Top of MATERIAL PROVIDED
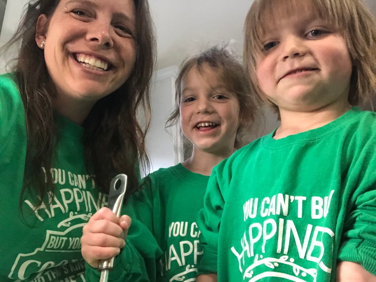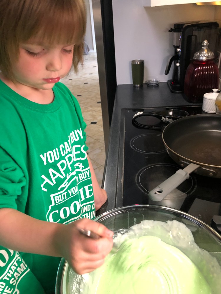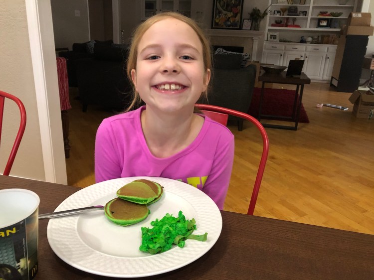 - We started the day a little different than our typical birthday breakfast (which is donuts) since we didn’t want to get out of the house. Instead, we had green eggs & ham, with green pancakes too though and everyone was happy. Kate got to help with the pancakes and Clara got to help with the green. And, man were they GREEN….as were our Girl Scout Cookie shirts we wore for the occasion!
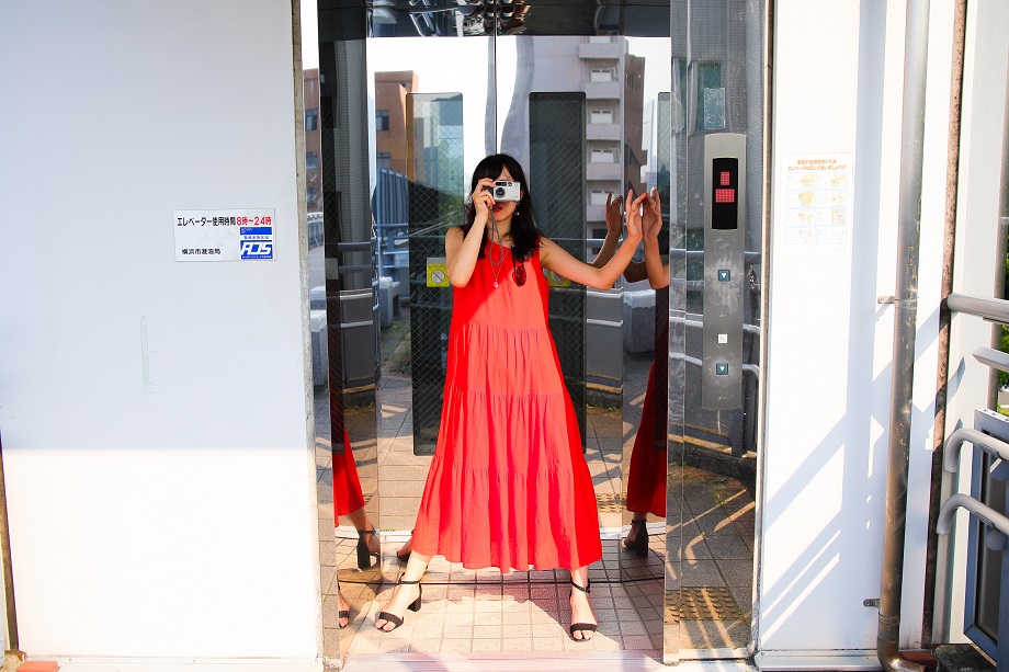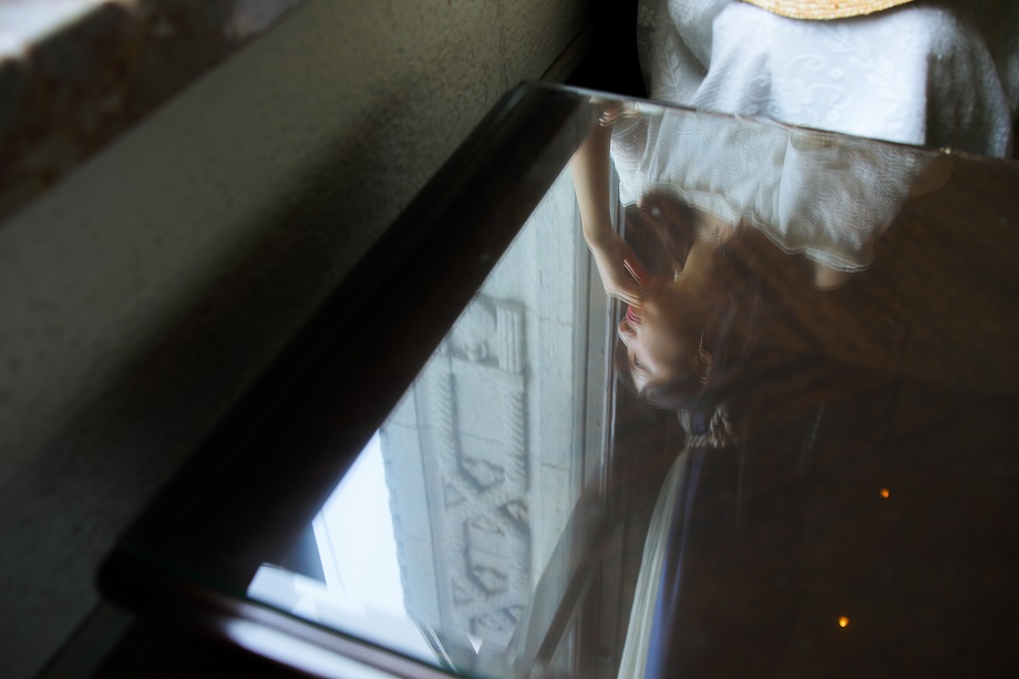 これも少し変わった場所で撮影。自分が写り込まない場所をコントロールして数枚素早く撮影します。鏡の質感が艶めかしく描写されています。
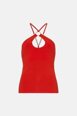 Our designers have emboldened this classic halter top with sultry, sunshine-ready accents. Featuring a circular front clasp, bold cut-out and gleaming, chain-link straps, this feminine design adds a dressed-up twist to tailored shorts and summer suit separates.
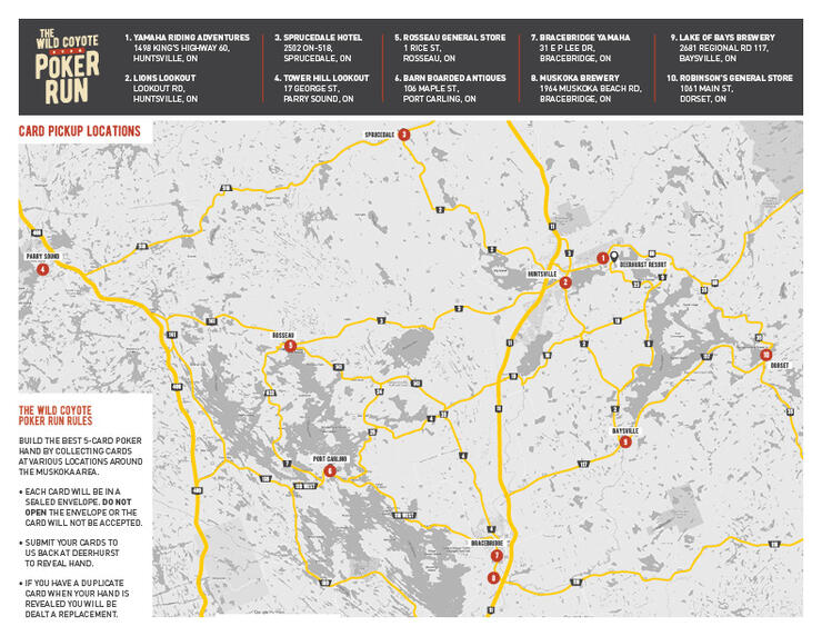 We grabbed our next two cards at Muskoka Brewery and Bracebridge Yamaha before heading to Lake of Bays and Baysville along 117. A visit to Lake of Bays Brewery awarded us one last card before our time ran out. We cruised back to Huntsville along Highway 2, admiring the fall colours and leaves that draped over the road.
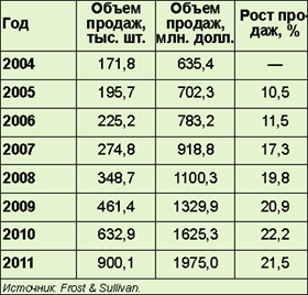 В последнее время рынок визуальных коммуникаций, по словам президента Tandberg по EMEA, развивается очень динамично. Так, по оценкам независимых аналитических компаний Wainhouse Research и Frost & Sullivan, объем мирового рынка ВКС сегодня составляет более 1 млрд. долл., причем прогнозируемые темпы роста с 2005 по 2011 гг. составляют в среднем 18% (см. таблицу).
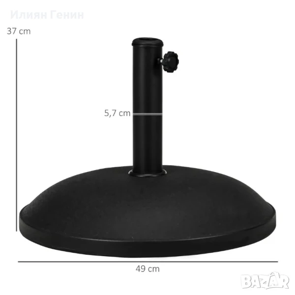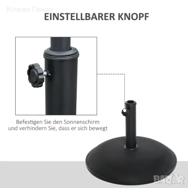 Стойка за чадър Outsunny, основа за чадър, 3 адаптера, регулируема, цимент, 25 кг, черна - 80.00лв.
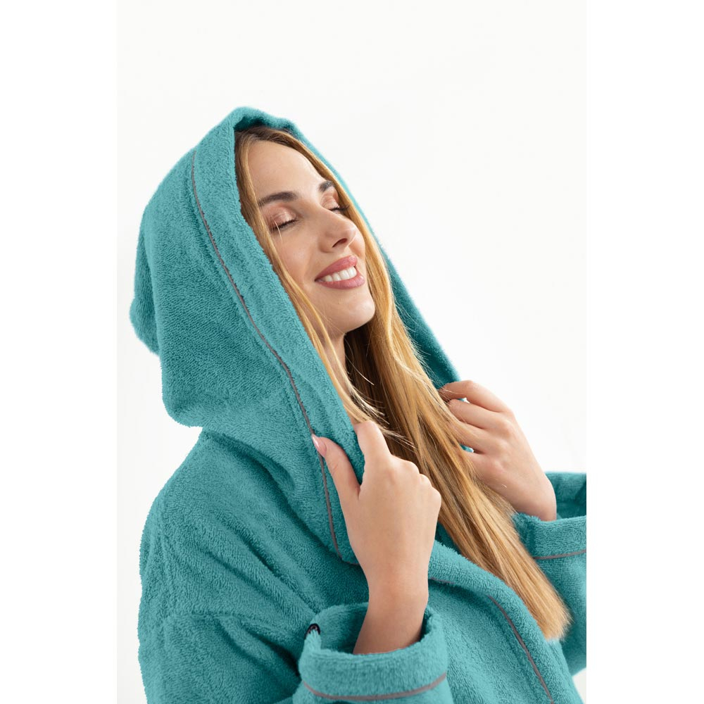 Μπουρνούζι ενηλίκων με κουκούλα σε πετρόλ χρώμα από την εταιρεία Guy Laroche. Είναι κατασκευασμένο από 100% βαμβάκι που το καθιστά εξαιρετικά απαλό και απορροφητικό.
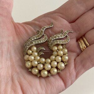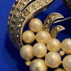 With its wreath of creamy faux pearls and ribbons of sparking rhinestones, this is a very elegant piece measuring about 1-1/2 inches in diameter. The Trifari mark (crown over the T and a copying symbol) dates it from 1955 to 1969. In very good condition, with nice nacre on the pearls and just one tiny rhinestone missing from what I can tell (see last picture).
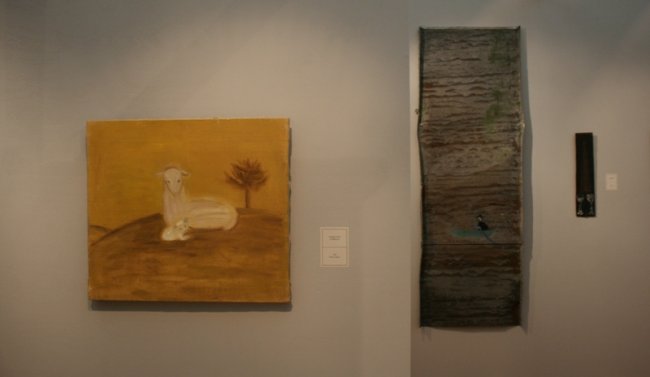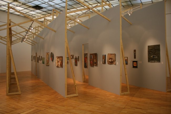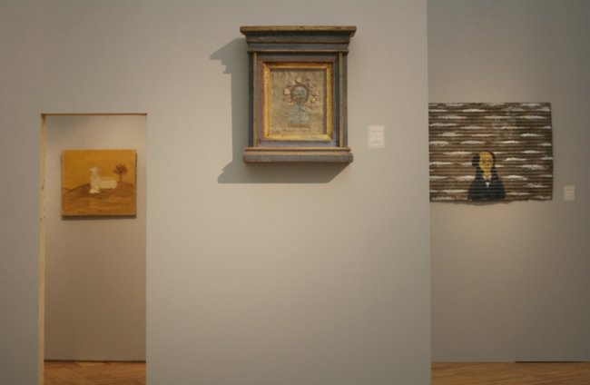 Вокруг портретов сгруппированы объекты, дополняющие ассоциативный ряд: вокруг Андрея Рублева — маленькие фрески, вокруг Петрова-Водкина — кровельное железо, рядом с Алексеем Сотниковым — керамика, а с Тимуром Новиковым — коллаж из ткани.
Bottom of MATERIAL PROVIDED
## [AIM OF THE TASK]
Transcribe exactly, with no pictures, the lines running from the first line of the material through the line holding "We grabbed our".

## [RESPONSE TO THE EXERCISE]
 - We started the day a little different than our typical birthday breakfast (which is donuts) since we didn’t want to get out of the house. Instead, we had green eggs & ham, with green pancakes too though and everyone was happy. Kate got to help with the pancakes and Clara got to help with the green. And, man were they GREEN….as were our Girl Scout Cookie shirts we wore for the occasion!
 これも少し変わった場所で撮影。自分が写り込まない場所をコントロールして数枚素早く撮影します。鏡の質感が艶めかしく描写されています。
 Our designers have emboldened this classic halter top with sultry, sunshine-ready accents. Featuring a circular front clasp, bold cut-out and gleaming, chain-link straps, this feminine design adds a dressed-up twist to tailored shorts and summer suit separates.
 We grabbed our next two cards at Muskoka Brewery and Bracebridge Yamaha before heading to Lake of Bays and Baysville along 117. A visit to Lake of Bays Brewery awarded us one last card before our time ran out. We cruised back to Huntsville along Highway 2, admiring the fall colours and leaves that draped over the road.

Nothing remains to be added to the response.